Ciudad De México, 28 de marzo de 2026.- El Gobierno de México presentó este viernes una actualización del Registro Nacional de Personas Desaparecidas y No Localizadas (RNPDNO), donde se detalla que de un registro histórico total de 394,645 personas entre 1952 y 2026, actualmente 132,534 mantienen el estatus de desaparecidas. Durante la conferencia de prensa matutina en Palacio Nacional, Marcela Figueroa, titular del Secretariado Ejecutivo del Sistema Nacional de Seguridad Pública (SESNSP), desglosó las cifras revelando que únicamente 3,869 carpetas de investigación han sido abiertas para atender estos casos.
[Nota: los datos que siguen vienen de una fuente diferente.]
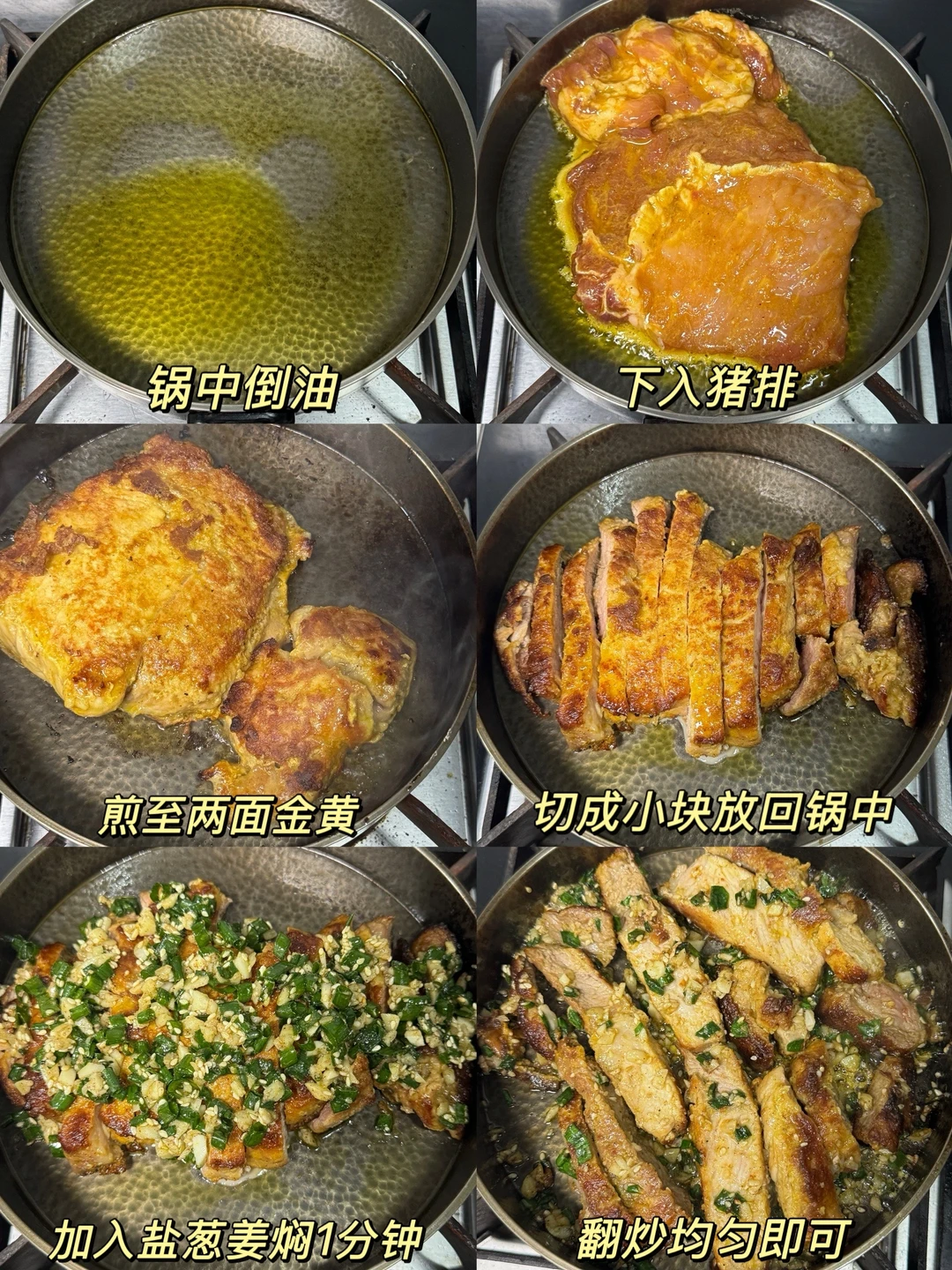 2️⃣油热下猪排煎至两面金黄,捞出改刀成小块放回锅中

De las 132,534 personas desaparecidas, el gobierno precisó que 130,178 corresponden a casos posteriores a 2006. Esta cifra se divide en tres grupos según la calidad de la información disponible: 46,742 casos (36%) no cuentan con datos suficientes para iniciar labores de búsqueda; 40,308 casos (31%) poseen datos suficientes y presentan actividad posterior al reporte; y 43,128 casos (33%) tienen registros completos pero sin actividad reciente. La presidenta Claudia Sheinbaum reconoció la complejidad y dificultad que implica buscar a las personas clasificadas en el grupo con datos insuficientes.
En cuanto a las personas localizadas, el registro histórico indica que se ha dado con el paradero de 262,111 individuos, lo que representa el 66% del total acumulado. De este universo, 240,211 fueron encontradas con vida (92%) y 21,900 sin vida (8%). Félix Arturo Medina, subsecretario de Derechos Humanos, explicó que estas cifras se dan en el marco de la reforma legal de 2025, la cual establece la obligación de abrir carpetas de investigación desde el primer reporte de desaparición y exige la inclusión de datos mínimos para los registros.
Ante la disparidad entre el número total de personas desaparecidas y la cantidad de carpetas de investigación activas, Kenia López Rabadán, presidenta de la Cámara de Diputados, exigió transparencia respecto a la metodología utilizada para la elaboración del informe. La legisladora expresó su preocupación por la baja cifra de apenas 3,869 carpetas abiertas frente a la magnitud de la crisis de desapariciones reflejada en el registro nacional.
La presentación de estos datos ocurre en un contexto donde la administración federal busca dar cumplimiento a las nuevas obligaciones legales establecidas el año previo, aunque persisten cuestionamientos sobre la capacidad operativa para transformar los registros administrativos en investigaciones judiciales efectivas. El gobierno mantiene el compromiso de continuar con la depuración y categorización de los expedientes para mejorar las estrategias de búsqueda y localización.